**What to produce:**
Your task is to copy the records that follow exactly, minus any images.

● ● ●

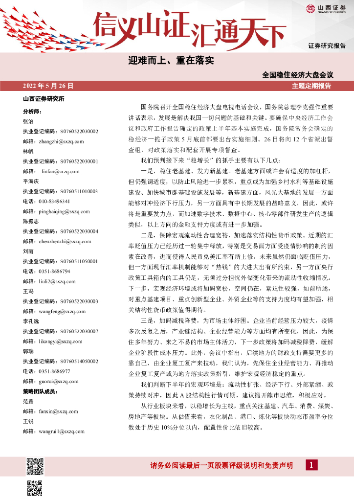 山西证券:全国稳住经济大盘会议:迎难而上、重在落实.pdf
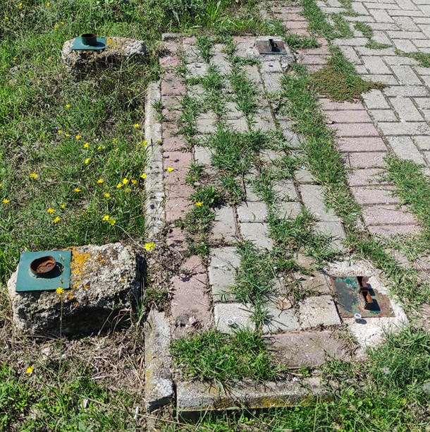 Не ми е јасна причината зошто овие клупи беа заменети со нови клупи пред околу една година. Бидејќи старите клупи беа здраво прицврстени за подлогата, извршителот на работите при замената не можел да ги откорне и затоа ги исекол металните ногарки (види слика). Новите клупи се прицврстени само со 4 обични шрафа за постојната бетонска подлога така што многу лесно можат да бидат одвртени. Тоа значи многу лесни за крадење. Од сликата се гледа дека нема траги дека тука биле монтирани нови клупи, а се гледаат само траги од старите клупи.
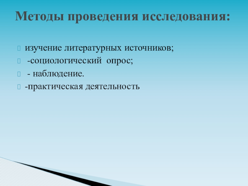 Методы проведения исследования:
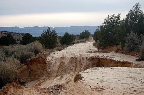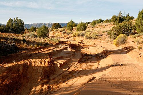 Nach gut drei Stunden war ich wieder im Auto. Bis zum Sonnenuntergang, den ich im Devils Garden an der Hole-in-the Rock Road verbringen wollte, war noch genug Zeit für ein wenig Geologie zum anfassen. Also auf zum Moki Hill. Auf der Fahrt dorthin war tatsächlich ein Auto mit High Clearance erforderlich. Neben mehreren kleineren Auswaschungen war die Straße an einer Stell komplett weggespült und die Umfahrung durch tiefen Sand war auch nicht viel besser. Aber die Reisschüssel hat es geschafft.
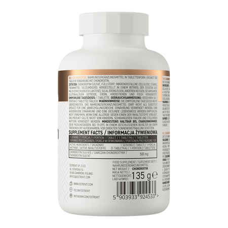 OstroVit Condroitina es un complemento alimenticio de alta calidad que contiene sulfato de condroitina. Es una formulación disponible en comprimidos fáciles de tragar y se ha desarrollado para deportistas y personas mayores.
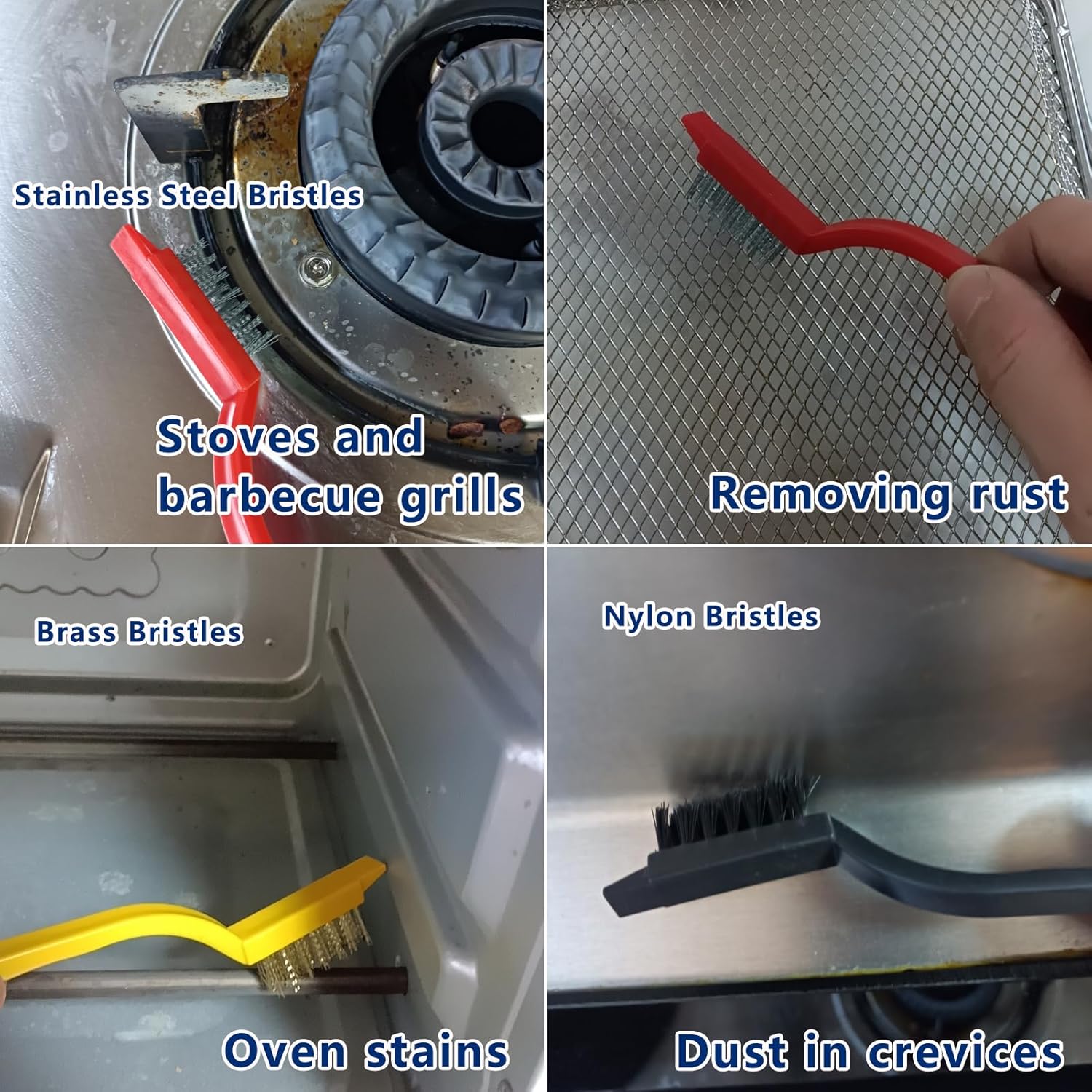 - 【 Three color cleaning brush 】3 different brushes, different materials, providing different cleaning strengths (stainless steel>brass>nylon) to meet various cleaning needs. Stainless steel brushes are perfect for removing rust, grease, and old stains. Brass brushes can effectively solve stubborn stains, gas stoves, and pot bottoms. The nylon brush uses soft bristles, which are very suitable for cleaning dust in small gaps. The brush head adopts a scraper design, effectively removing stubborn stains.
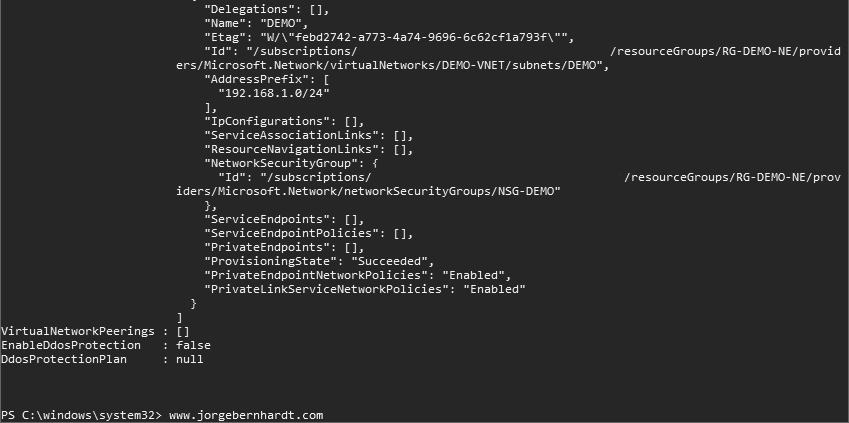 My recommendation is to apply the NSGs at the subnet level whenever possible to facilitate the administration of your virtual network. You must first verify that the subnet you want to associate is not already associated with another NSG. To do this you must use the Get-AzVirtualNetwork cmdlet with the following syntax.
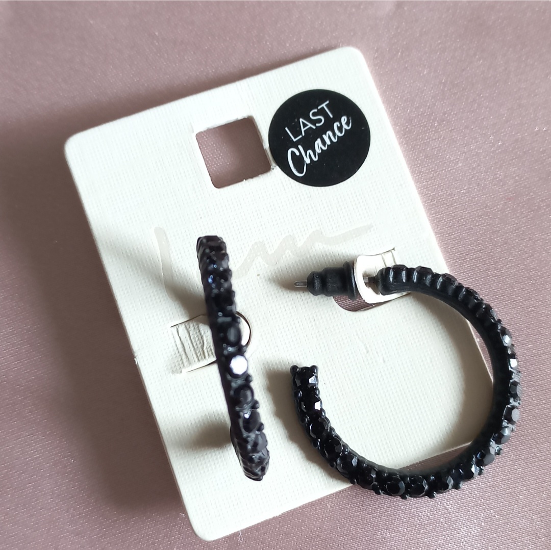 گوشواره زنانه میخی نیم حلقه نگین دار مشکی برند اروپایی Iam ضدحساسیت
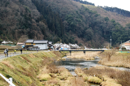 山影に根雪の残る山里へ・・・
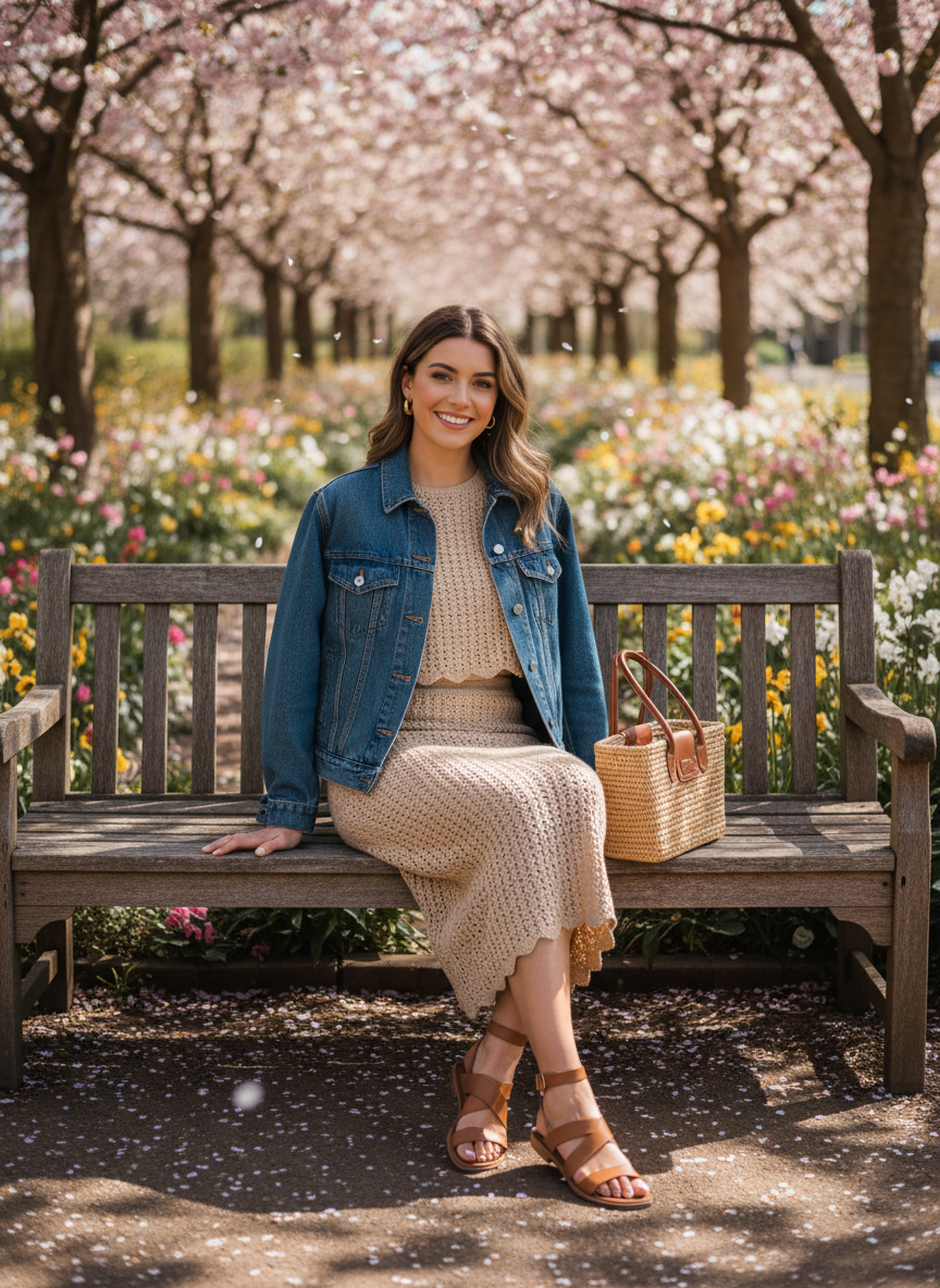 Layering a denim jacket over a crochet or knit co-ord set adds structure to an otherwise soft, textural look.
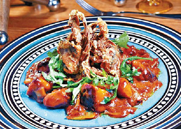 8.放上炸好的軟殼蟹即成。
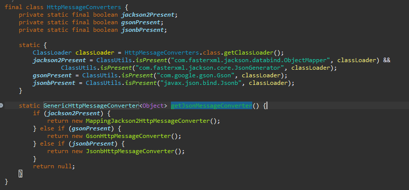 패키지 경로명과 boolean 변수명을 보면 Json을 convert할 라이브러리가 없기 때문으로 추측된다.
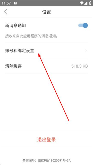 3、在設置頁面里,點擊賬號和綁定設置選項。
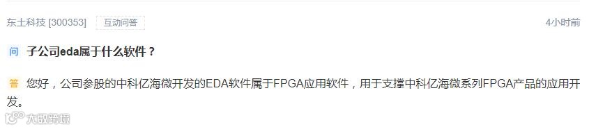 5月28日下午,东土科技在深交所互动易平台表示,公司参股的中科亿海微开发的EDA软件属于FPGA应用软件,用于支撑中科亿海微系列FPGA产品的应用开发。
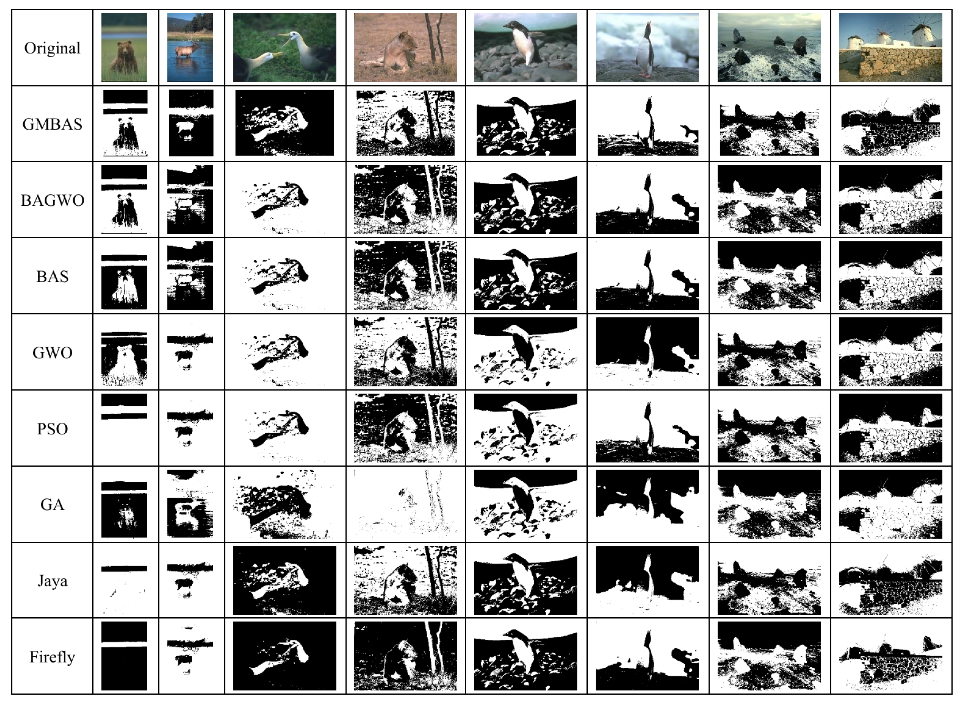 - Li, T.; Hou, H. Image segmentation based on beetle antennae search optimization algorithm. Comput. Prod. Circ. 2019, 158–159. [Google Scholar] [CrossRef]
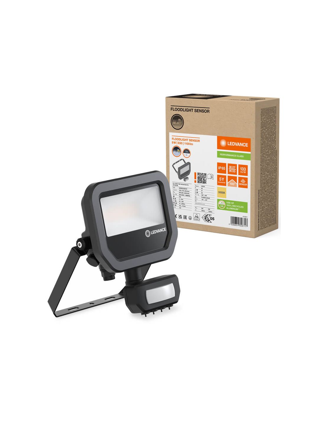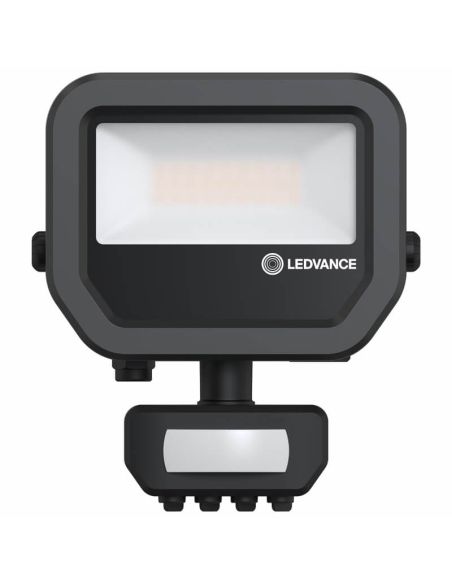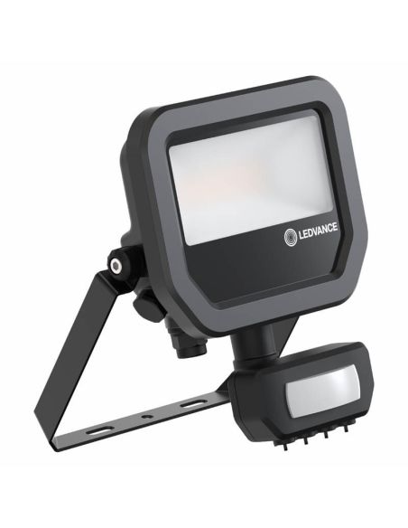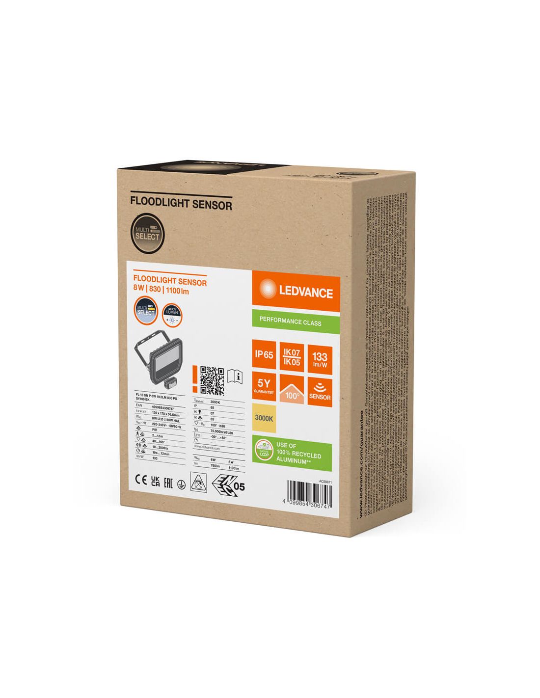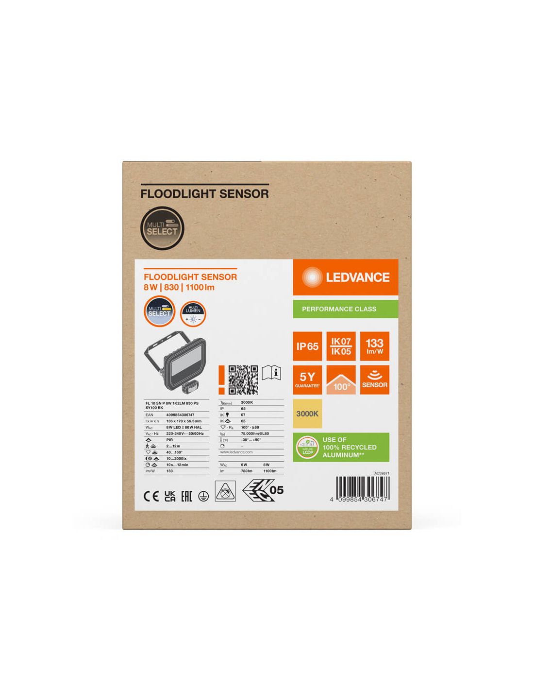 Schwarzer LED-Strahler mit 8W für den Außenbereich mit programmierbarem PIR-Sensor und weißem Licht, erhältlich in 3000K (warm) oder 4000K (neutral). Bietet 1100 Lumen und 780Lm mit Multi-Select, einem Abstrahlwinkel von 100° x 100° und ist aus langlebigen Materialien mit IP65-Schutz gefertigt. Ideal für Gärten, Fassaden und Parkplatzbereiche.

● ● ●

**Answer to the exercise:**
 山西证券:全国稳住经济大盘会议:迎难而上、重在落实.pdf
 Не ми е јасна причината зошто овие клупи беа заменети со нови клупи пред околу една година. Бидејќи старите клупи беа здраво прицврстени за подлогата, извршителот на работите при замената не можел да ги откорне и затоа ги исекол металните ногарки (види слика). Новите клупи се прицврстени само со 4 обични шрафа за постојната бетонска подлога така што многу лесно можат да бидат одвртени. Тоа значи многу лесни за крадење. Од сликата се гледа дека нема траги дека тука биле монтирани нови клупи, а се гледаат само траги од старите клупи.
 Методы проведения исследования:
 Nach gut drei Stunden war ich wieder im Auto. Bis zum Sonnenuntergang, den ich im Devils Garden an der Hole-in-the Rock Road verbringen wollte, war noch genug Zeit für ein wenig Geologie zum anfassen. Also auf zum Moki Hill. Auf der Fahrt dorthin war tatsächlich ein Auto mit High Clearance erforderlich. Neben mehreren kleineren Auswaschungen war die Straße an einer Stell komplett weggespült und die Umfahrung durch tiefen Sand war auch nicht viel besser. Aber die Reisschüssel hat es geschafft.
 OstroVit Condroitina es un complemento alimenticio de alta calidad que contiene sulfato de condroitina. Es una formulación disponible en comprimidos fáciles de tragar y se ha desarrollado para deportistas y personas mayores.
 - 【 Three color cleaning brush 】3 different brushes, different materials, providing different cleaning strengths (stainless steel>brass>nylon) to meet various cleaning needs. Stainless steel brushes are perfect for removing rust, grease, and old stains. Brass brushes can effectively solve stubborn stains, gas stoves, and pot bottoms. The nylon brush uses soft bristles, which are very suitable for cleaning dust in small gaps. The brush head adopts a scraper design, effectively removing stubborn stains.
 My recommendation is to apply the NSGs at the subnet level whenever possible to facilitate the administration of your virtual network. You must first verify that the subnet you want to associate is not already associated with another NSG. To do this you must use the Get-AzVirtualNetwork cmdlet with the following syntax.
 گوشواره زنانه میخی نیم حلقه نگین دار مشکی برند اروپایی Iam ضدحساسیت
 山影に根雪の残る山里へ・・・
 Layering a denim jacket over a crochet or knit co-ord set adds structure to an otherwise soft, textural look.
 8.放上炸好的軟殼蟹即成。
 패키지 경로명과 boolean 변수명을 보면 Json을 convert할 라이브러리가 없기 때문으로 추측된다.
 3、在設置頁面里,點擊賬號和綁定設置選項。
 5月28日下午,东土科技在深交所互动易平台表示,公司参股的中科亿海微开发的EDA软件属于FPGA应用软件,用于支撑中科亿海微系列FPGA产品的应用开发。
 - Li, T.; Hou, H. Image segmentation based on beetle antennae search optimization algorithm. Comput. Prod. Circ. 2019, 158–159. [Google Scholar] [CrossRef]
 Schwarzer LED-Strahler mit 8W für den Außenbereich mit programmierbarem PIR-Sensor und weißem Licht, erhältlich in 3000K (warm) oder 4000K (neutral). Bietet 1100 Lumen und 780Lm mit Multi-Select, einem Abstrahlwinkel von 100° x 100° und ist aus langlebigen Materialien mit IP65-Schutz gefertigt. Ideal für Gärten, Fassaden und Parkplatzbereiche.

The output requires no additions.